The LRU STATUS segment shows red when there is an internal failure in the MMR. Green shows that the MMR is operating normally.

The CONTROL FAIL segment shows red when an interface to the MMR has a failure. Green shows that all the interfaces to the MMR are normal.

NOTE: The ANT FAIL LED is not used at this time.

 

 

 

ILS - SELF-TEST

Test

You use the NAV control panels to do an ILS test from the flight compartment. The captain NAV control panel does a test of MMR 1 and the first officer NAV control panel does a test of MMR 2.

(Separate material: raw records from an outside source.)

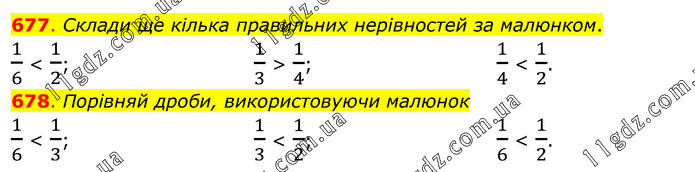 677. Склади ще кілька правильних нерівностей за малюнком. 1/6 < 1/2; 1/3 > 1/4; 1/4 < 1/2. 678. Порівняй дроби, використовуючи малюнок 1/6 < 1/3; 1/3 < 1/2; 1/6 < 1/2.
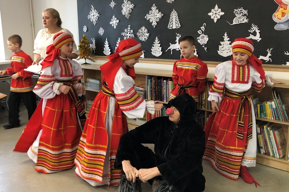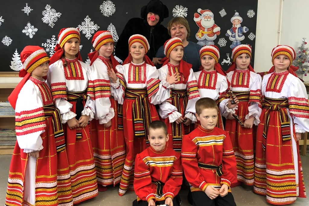 Ребята из детского фольклорного коллектива «Живинка» под руководством Дудкиной Натальи Григорьевны спели колядки, показали обряд посевания, когда ребятня приносила с собой в варежках зерно и рассыпала его в горницах, привлекая богатый урожай. Колядовщики получили сладкие подарки в свои корзинки.
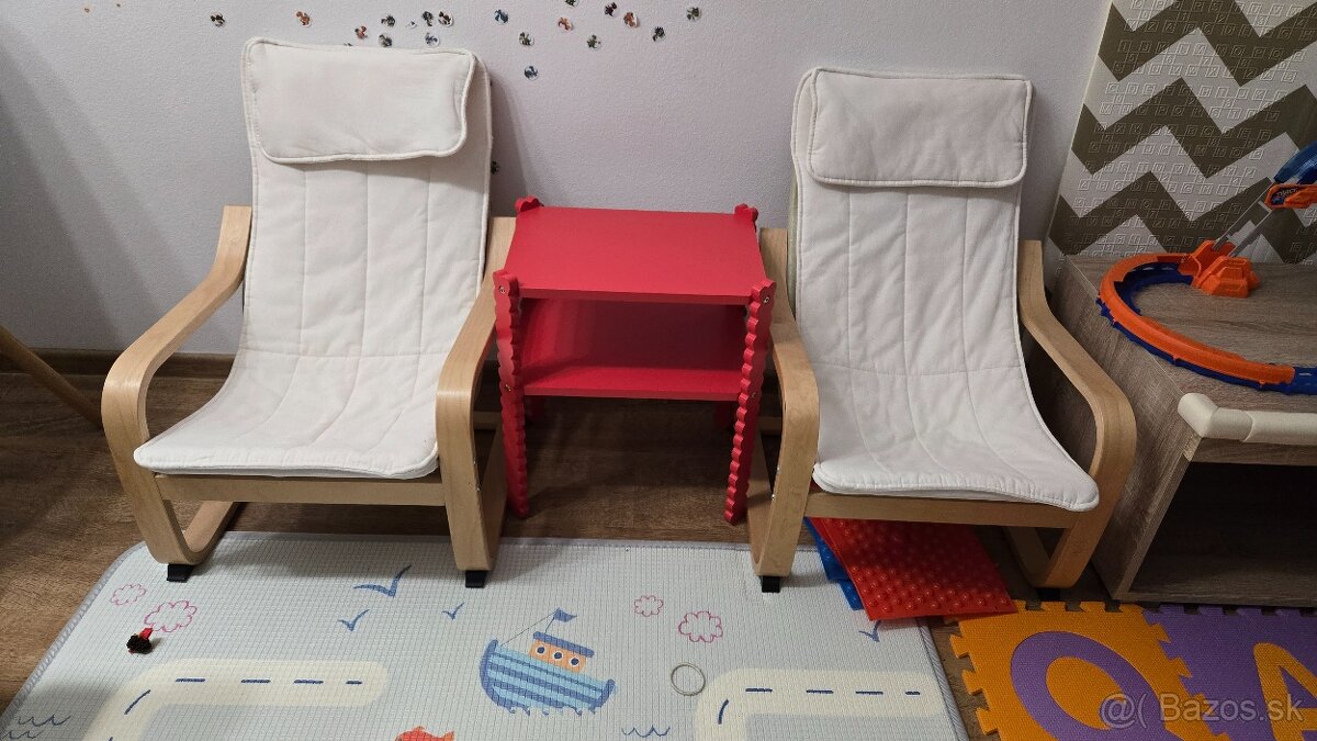 Predám 2ks detské kreslá ikea poäng, pekný stav, snímateľné poťahy sa dajú jednoducho vyprať, v prípade záujmu pridám aj stolík na foto, predám spolu/samostatne.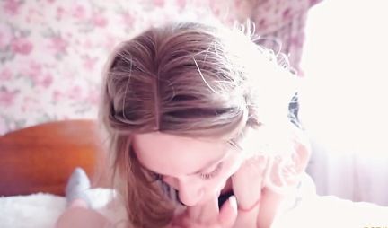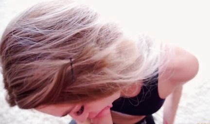 Парень трахает в рот и киску блондинку, снимая домашнее порно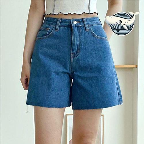 [에이치플러스몰]캐주얼 여자 대학생 여름 코디 투버튼 청 반바지 데님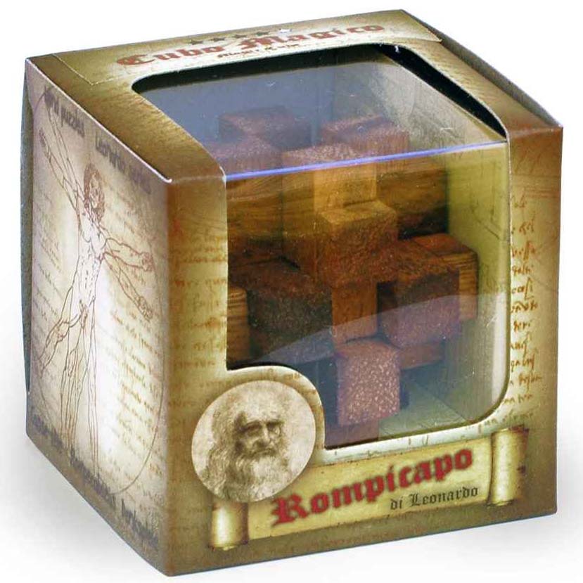 Der magische Würfel aus der Serie Leonardo's Mind Puzzles ist ein klassisches Holzpuzzle. Aufgabe: Den Würfel aus 12 Teile auseinandernehmen und wieder zusammenbauen.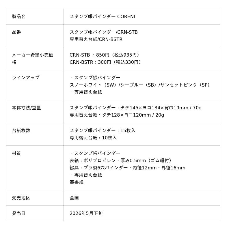 ナカバヤシ株式会社(本社:大阪市中央区、社長:中林一良)は、ページの入れ替えができるスタンプ帳「スタンプ帳バインダー CORENI」を2026年5月下旬より全国で順次発売します。また発売に先駆け4月中旬より順次、全国のロフトにて先行発売いたします。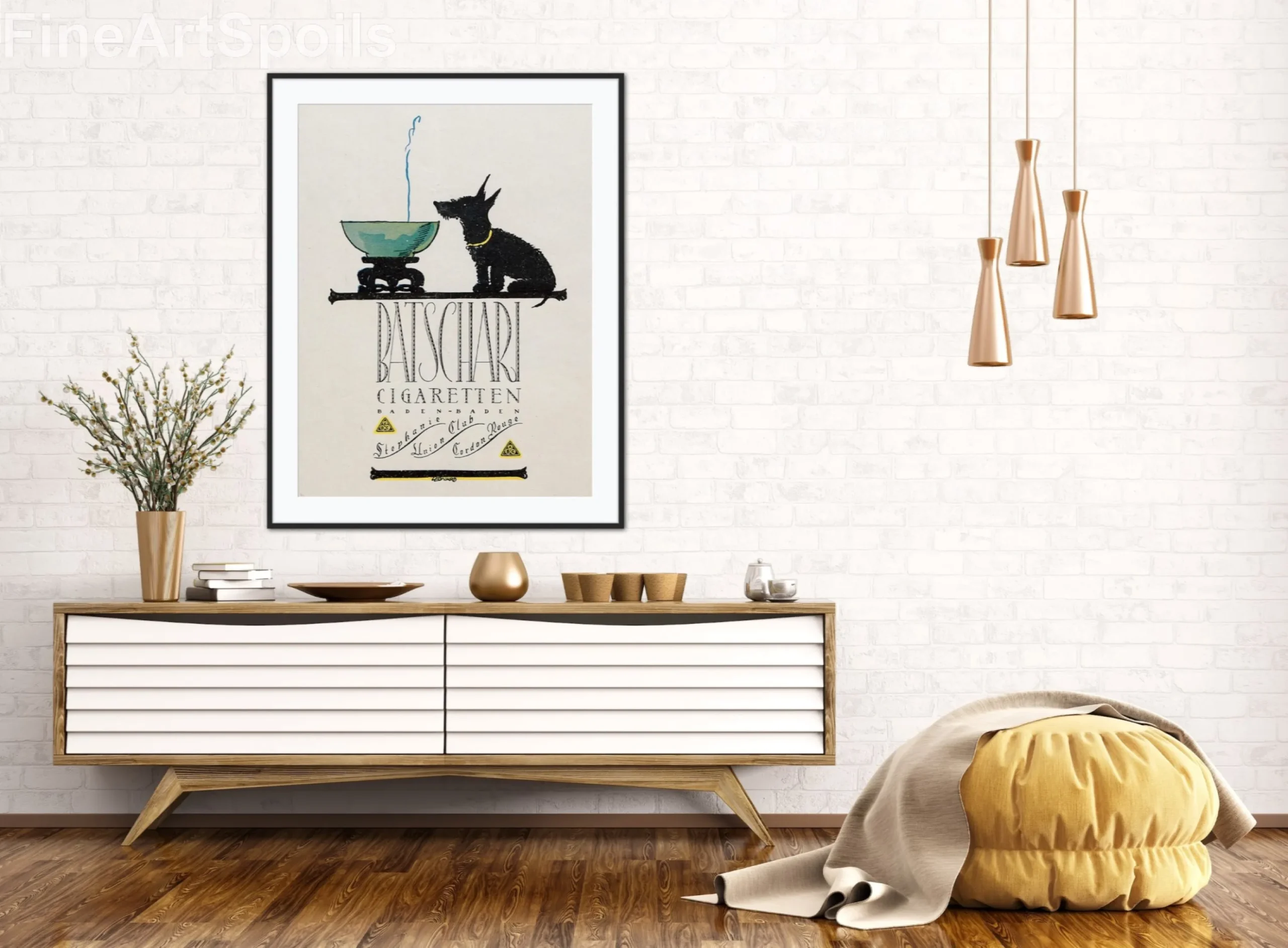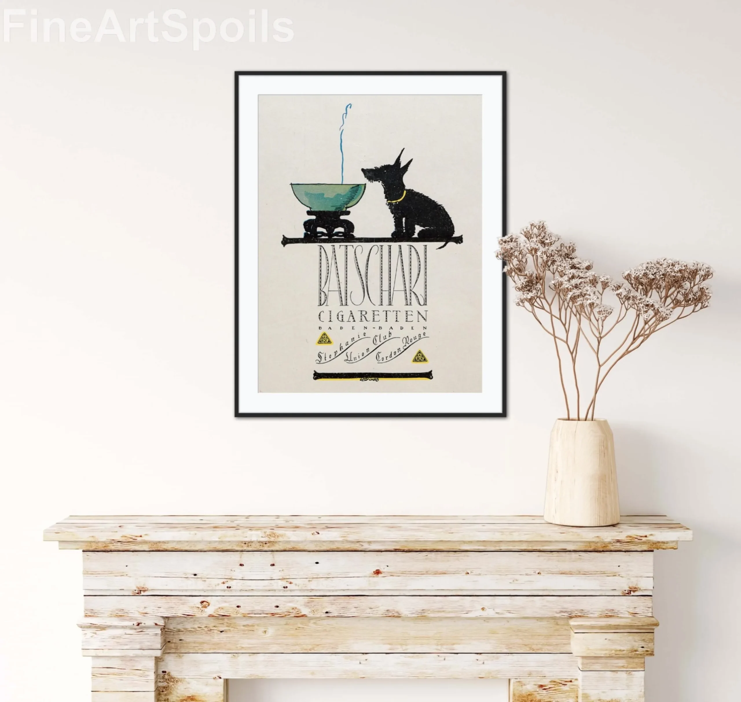 This piece features a charming, silhouetted Scottish Terrier gazing curiously at a steaming bowl, set against a minimalist off-white background. The artwork perfectly captures the Art Deco aesthetic, utilizing bold typography, clean lines, and a restrained color palette of teal, yellow, and deep black. The elongated, stylized lettering of “Batschari” serves as a focal point, showcasing the architectural influence on 1920s typeface design.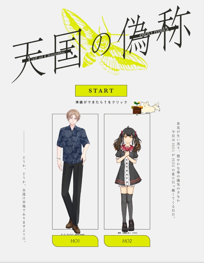 masho☆こそフォロできたCoC『天国の偽称』(KPレス)作:Alpha 様HO1:キース・キャスパー / アルちゃんHO2:亜部 沙耶薫 / ましょEND「むかしむかし、あるところに」 ▷両生還「確証のできない約束はしないって言ったのは、キースでしょ。」 タップで全画面(原寸:708x910)無断転載禁止 リアクションをたくさん送って応援しよう! よく使う人気おやつその他支払処理中 作者からのリプライ 気になる人をどんどんフォローしよう!☆こそフォロ mashoらくがきOPéRA 未通過❌(こんちゃん🎐は❌)継続立ち絵、2〜4の色で迷ってる 5 mashoできたCoC『天国の偽称』(KPレス)作:Alpha 様HO1:キース・キャスパー / アルちゃんHO2:亜部 沙耶薫 / ましょEND「むかしむかし、あるところに」 ▷両生還「確証のできない約束はしないって言ったのは、キースでしょ。」 mashoらくがきブルキラ 未通過❌こうなりたかった…なぜ…なれなかった………の落書きend White さいこーーー!!!!!!!! mashoできたTRPG「私のダイアリー」 └作:むつー様GM:ピノ先輩PL:ましょシナリオクリア📖🖊うおおおおすげええええまじかああああああまさかの展開だったし……すごい嚙み合い方をした。楽しかった………!!!ありがとうございました!! mashoらくがきはじめての社会科見学! 未通過❌つゆ成長後〜〜 mashoできたCoC「あのこが巨大化するシナリオ」 └待鳥ちあま様KPC:亜部 沙耶薫 / ましょPC:キース・キャスパー / アルちゃんEND1 - 両生還 -「さやかはキースの恋人だからね〜!」キースが巨大化さやかのスカートを気にしててめちゃおもろかった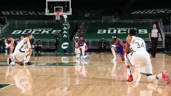 然而,当卫冕MVP字母哥为篮网队获得第一个球权后,两队包括场边的教练组都跪了下来。在随后活塞队的一次进攻中,当布雷克-格里芬持球时,他们又重复了这一行为,两队再次跪下。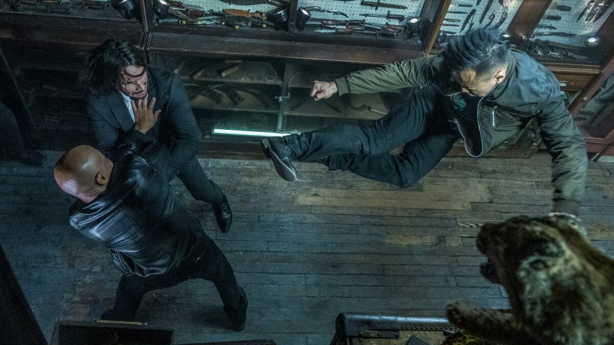 В третьей части "Джона Уика" главный герой сражается против своих врагов, метая в них ножи, они ему отвечают тем же. Конечно же на съемках ножи были резиновыми, но чтобы достоверно исполнить свою роль, Киану Ривз решил научиться метать настоящие ножи. Получилось у него это достаточно неплохо, ведь результат его работы был продемонстрирован в фильме. Зрелищности этой сцене придает также и то, что не все ножи попадали в цель. Сделано это было для большей реалистичности.

You need to set these controls to do an ILS test:

· Enter a valid ILS frequency into the active frequency display window on the NAV control panel

· Set a course on the DFCS mode control panel that is within

    90 degrees of the airplane heading

· Push the test switch on the NAV control panel.

To see the ILS test on the NAV display, you must select the approach (APP) mode on the EFIS control panel mode selector. This is the display sequence that shows on the CDS during the ILS test:

· For the first 3 seconds, one dot left of localizer deviation and one dot up of glideslope deviation

· For the next 3 seconds, one dot right of localizer deviation and one dot down of glideslope deviation

· Displays return to normal indications.

Marker Beacon System В737.

Подробно рассматривается в [4] рекомендуемой литературы.

General

The marker beacon system supplies visual and aural indications when the airplane flies over airport runway marker beacon transmitters.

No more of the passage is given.